С год назад появился в типографии молодой человек, назвавший себя Дубровиным и не скрывавший, что имя выдуманное. Говорил, что поручик, окончил училище юнкеров, направлен был в полк, но из отпуска исчез — как растаял. В Лондон пробрался через Финляндию. Отчего сбежал, толком объяснить не мог. На расспросы отмалчивался или говорил невнятицу. Проработал год наборщиком и исчез так же неожиданно, как появился. Нет, не убежал, отнюдь — объяснил, что без России жить не может. И пропал — куда, неизвестно. Разыскать его так и не удалось, как ни расспрашивали приезжих. Ну да велика она, Россия. Более пятидесяти лет спустя подняли в старых архивах дела, и оказалось, что поручик Бейдеман — таково было подлинное имя Дубровина — без суда и следствия заточен был в Алексеевский равелин, ибо, схваченный, обозначил себя на следствии как цареубийца. Дескать, для того собирался убить царя, чтобы народ, видя в нем, убийце, помещика, мстящего за освобождение крестьян, поднялся бы на уничтожение дворян. В них Бейдеман видел главную пагубу для России. Невообразимые зигзаги совершала русская освободительная мысль. В крепости за двадцать лет сошел с ума и кончил свои дни в Казанской больнице Всех Скорбящих.

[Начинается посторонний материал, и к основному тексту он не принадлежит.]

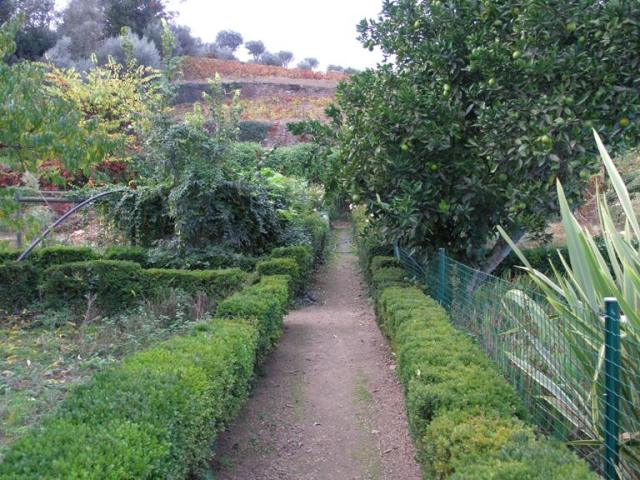 O patamar a poente deste conjunto da casa e jardins formais, onde anteriormente se terão cultivado plantas de interesse hortícola e pomares está hoje parcialmente ocupado por uma moderna piscina e um relvado.
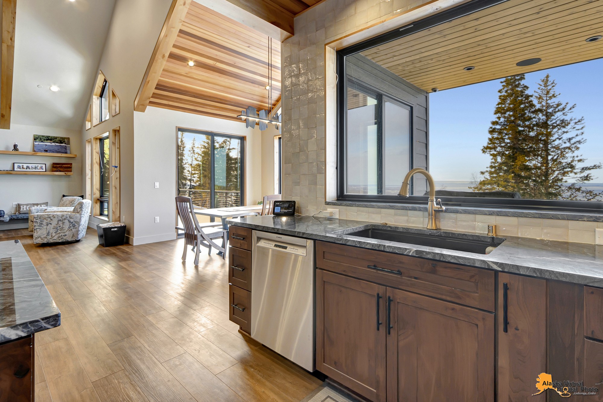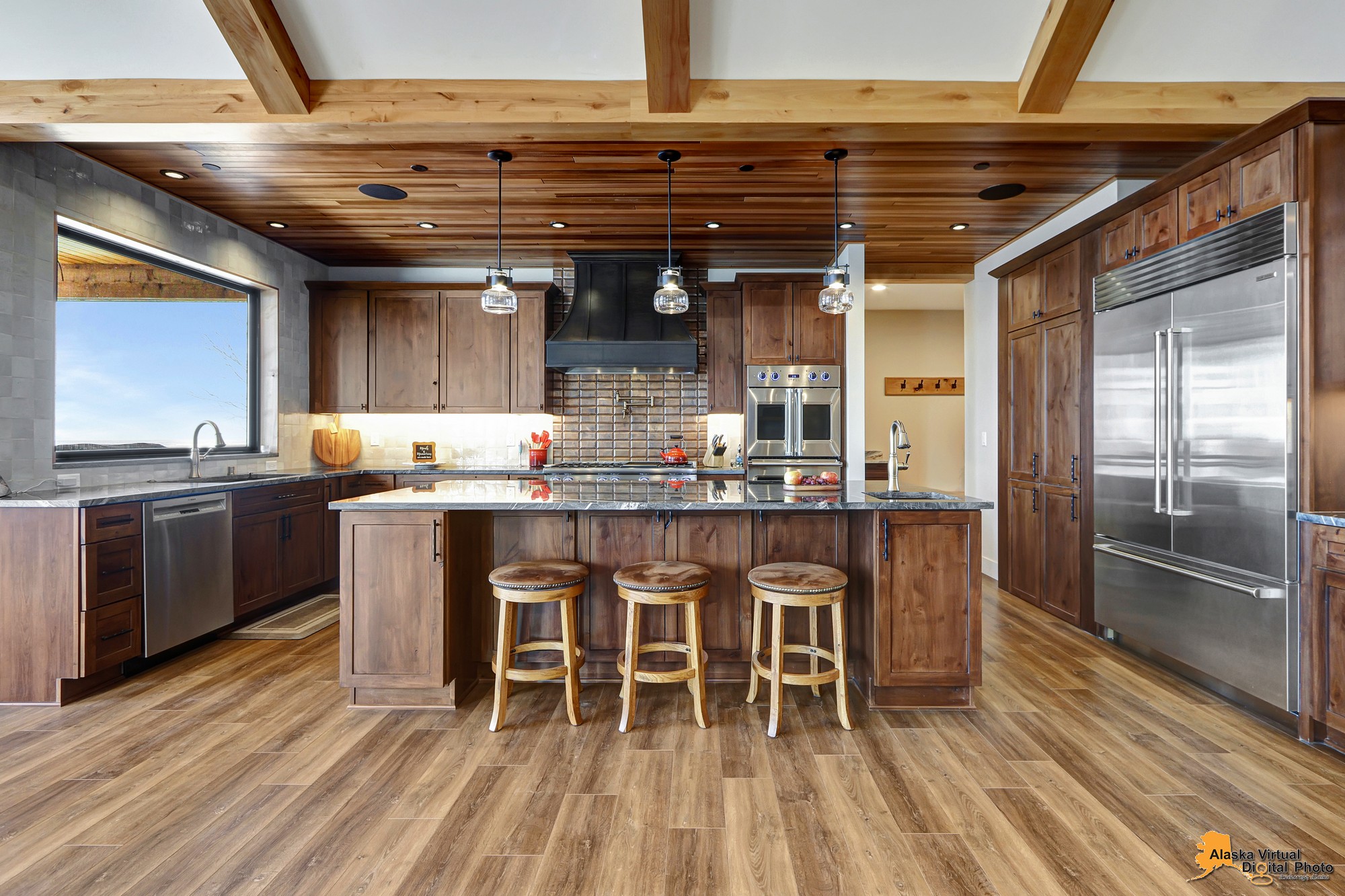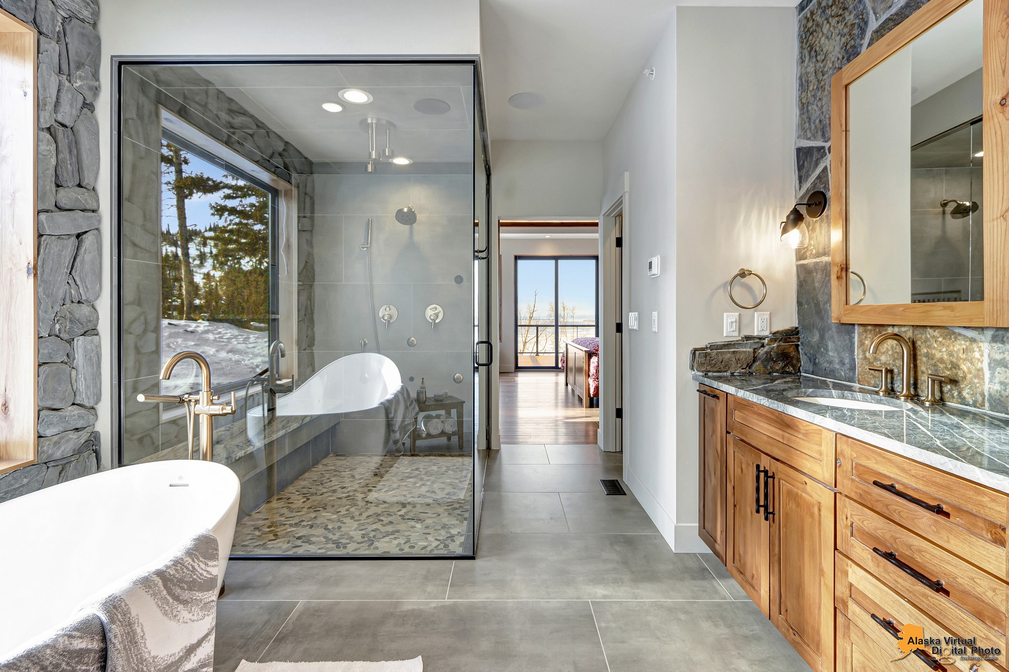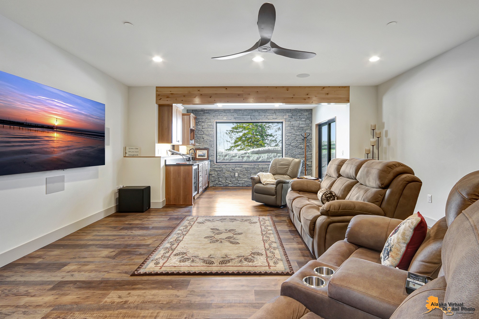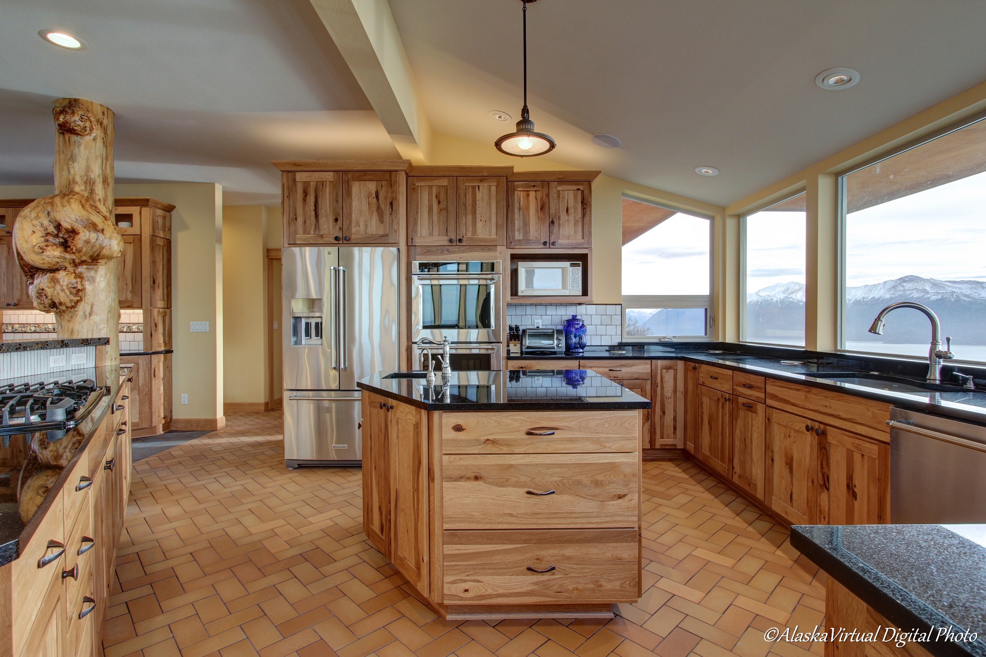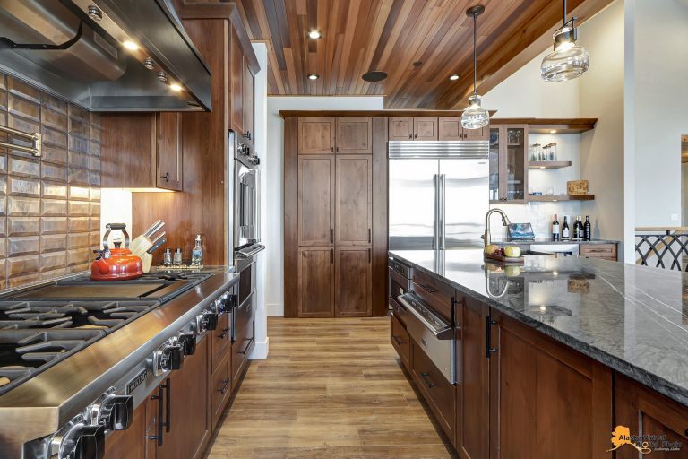 Local Stone Accents: Featuring real stone sourced from the historical goldmining town of Hope, AK, adding a piece of Alaskan history to every room.

Огарев понимал, что толкнуло его на побег в Россию. А они разве могли без России? Как-то раз, когда только близкие остались, Герцен аккуратно закрыл дверь в свой кабинет, обернулся и сказал весело:

— А сейчас, господа, давайте сделаем вот что: сядем и споем все вместе. Все равно было, что петь, лишь бы песня была русская, памятная с дальнего детства. И тогда опять вспомнил Огарев про поручика, не вынесшего разлуки, и всем сердцем позавидовал ему.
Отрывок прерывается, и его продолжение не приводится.